- Opening Delimiter -

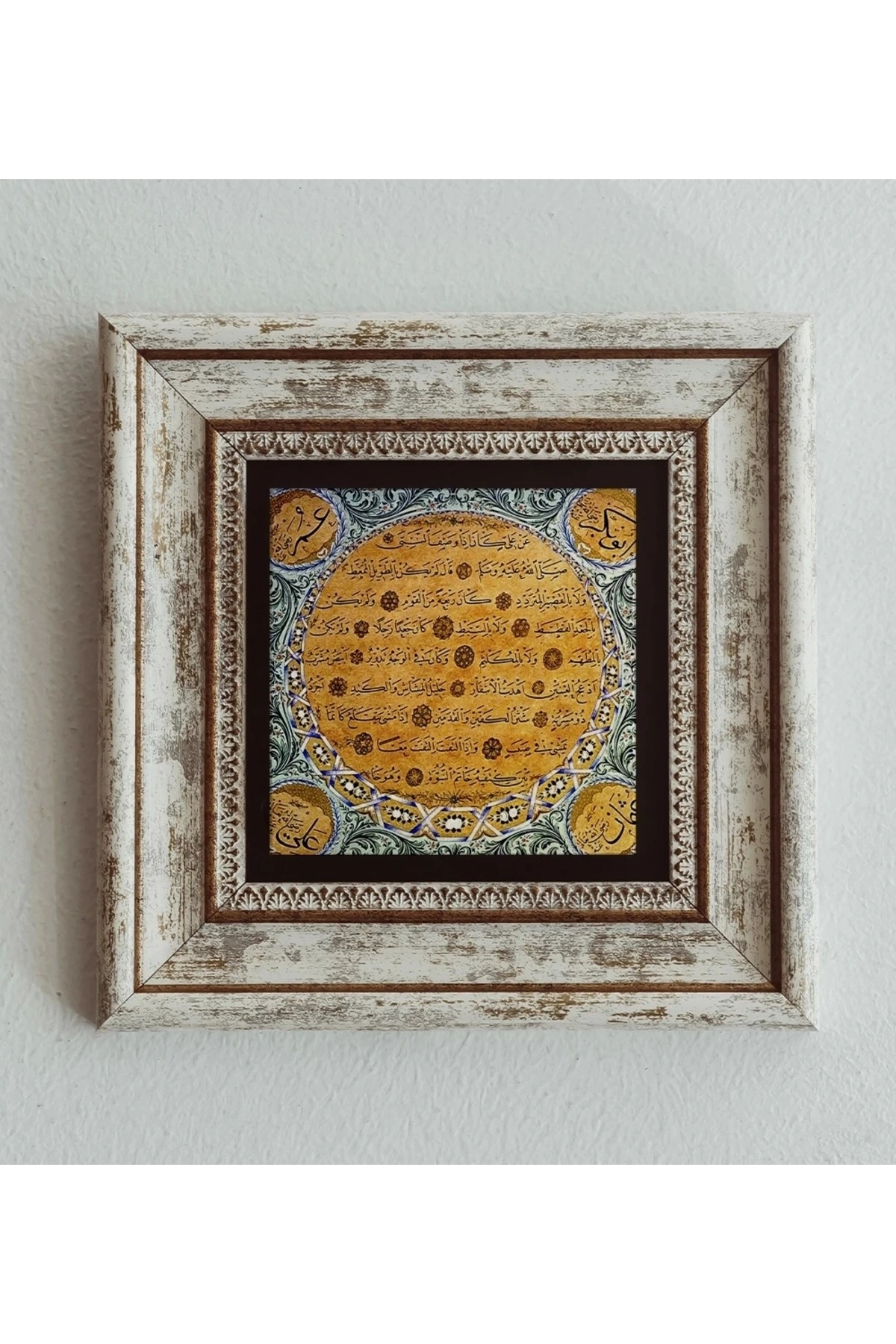 Ürün hakkında: Ölçüleri: 20 cm x 20 cm'dir. ; Kalınlık :2,5 cm'dir. ; Ürünün arka tarafında askı aparatı bulunmaktadır. ; Kullanılan çerçeveler yüksek kaliteli, eskitme görünümlü kompozit malzemeden üretilmiştir. ; Taşların yüzeyindeki baskı teknolojisi özel olup sağlığa hiçbir zararı yoktur. ; Kullanılan malzeme dağdan çıkan gerçek taş oldugu için yüzeyinde belli oranda gözenek bulunması ve renginin krem renginin tonlarını barındırması normaldir kimyasal malzeme teması Yüzey deformasyona maruz kalabilir. ; Nemli bezle silinerek temizlenebilir. ; Isıya, suya ve neme dayanıklıdır. ; Kutu içeriği: Orijinal kutu içerisinde 1 adet çerçeveli taş duvar dekoru. ; 1 adet çerçeveli duvar dekoru ağırlığı: 250 gr çerçeve askısı ile duvara montajı yapılabilir.;
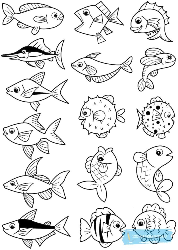 ![Рыбки для раскрашивания детям]()
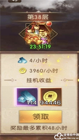 挂机资源获取在大秘境通关30层之后才开放,主公可以在挂机中获取一定数量的精铁和铜币,每次挂机资源最多累积48小时,主公记得及时获取,以防资源溢出浪费。
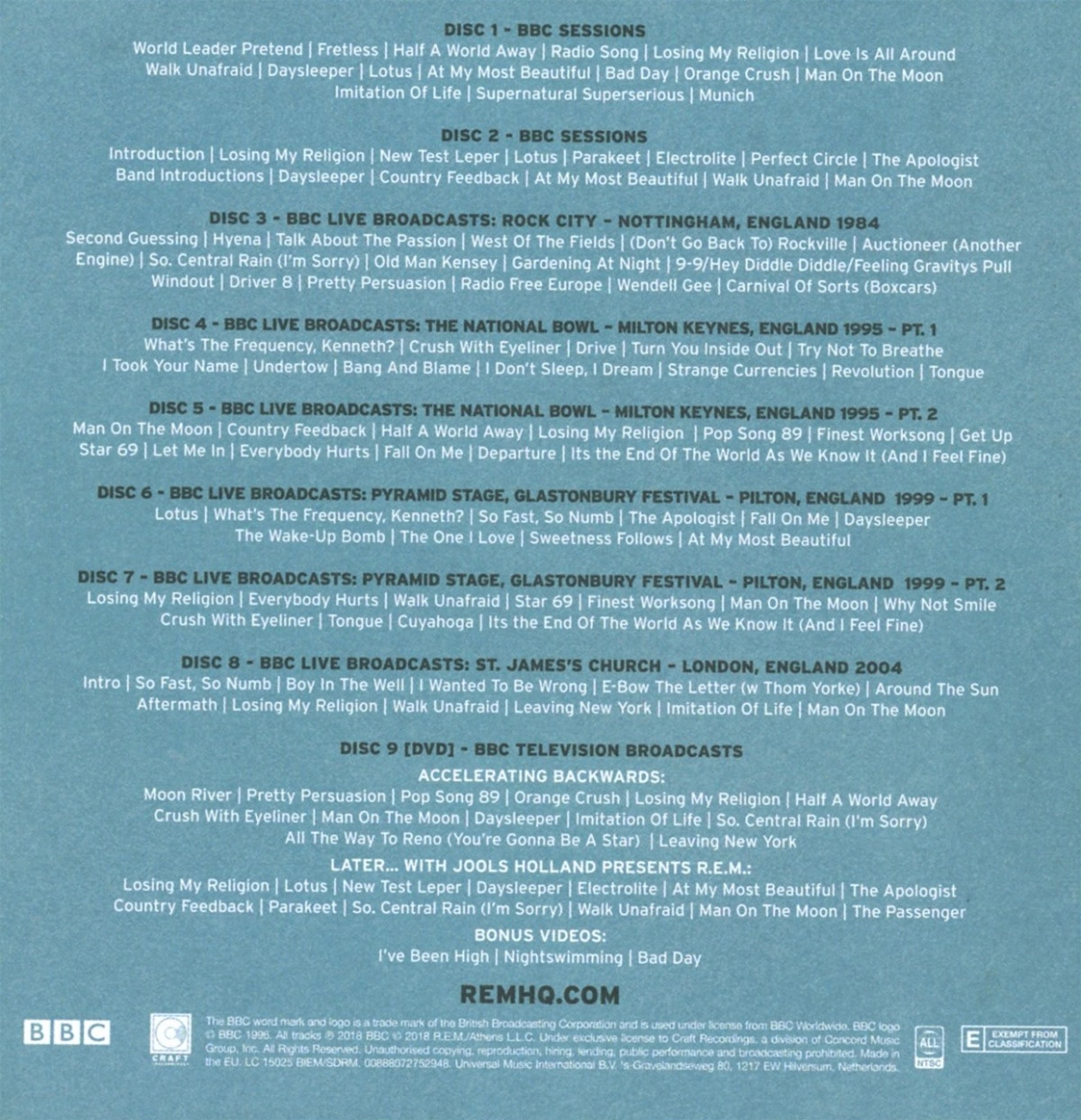 Die DVD, die das Set vervollständigt, beginnt mit der 60-minütigen »Accelerating Backwards«-Dokumentation (die zuvor in Großbritannien ausgestrahlt wurde, aber nie kommerziell erhältlich war) mit Interviews mit Peter Buck, Mike Mills und Michael Stipe. Sie bietet außerdem eine komplette »Later… With Jools Holland«-Episode von 1998, die der Band gewidmet war, plus TV-Auftritte aus »Top Of The Pops« und mehr.

- Closing Delimiter -

WORK ITEM - From the line that holds "для раскрашивания детям]()" down to the last line of the material above, every line is to be copied exactly, both ends included; pictures are to be omitted.

SOLUTION TO THIS EXERCISE -
 ![Рыбки для раскрашивания детям]()
 挂机资源获取在大秘境通关30层之后才开放,主公可以在挂机中获取一定数量的精铁和铜币,每次挂机资源最多累积48小时,主公记得及时获取,以防资源溢出浪费。
 Die DVD, die das Set vervollständigt, beginnt mit der 60-minütigen »Accelerating Backwards«-Dokumentation (die zuvor in Großbritannien ausgestrahlt wurde, aber nie kommerziell erhältlich war) mit Interviews mit Peter Buck, Mike Mills und Michael Stipe. Sie bietet außerdem eine komplette »Later… With Jools Holland«-Episode von 1998, die der Band gewidmet war, plus TV-Auftritte aus »Top Of The Pops« und mehr.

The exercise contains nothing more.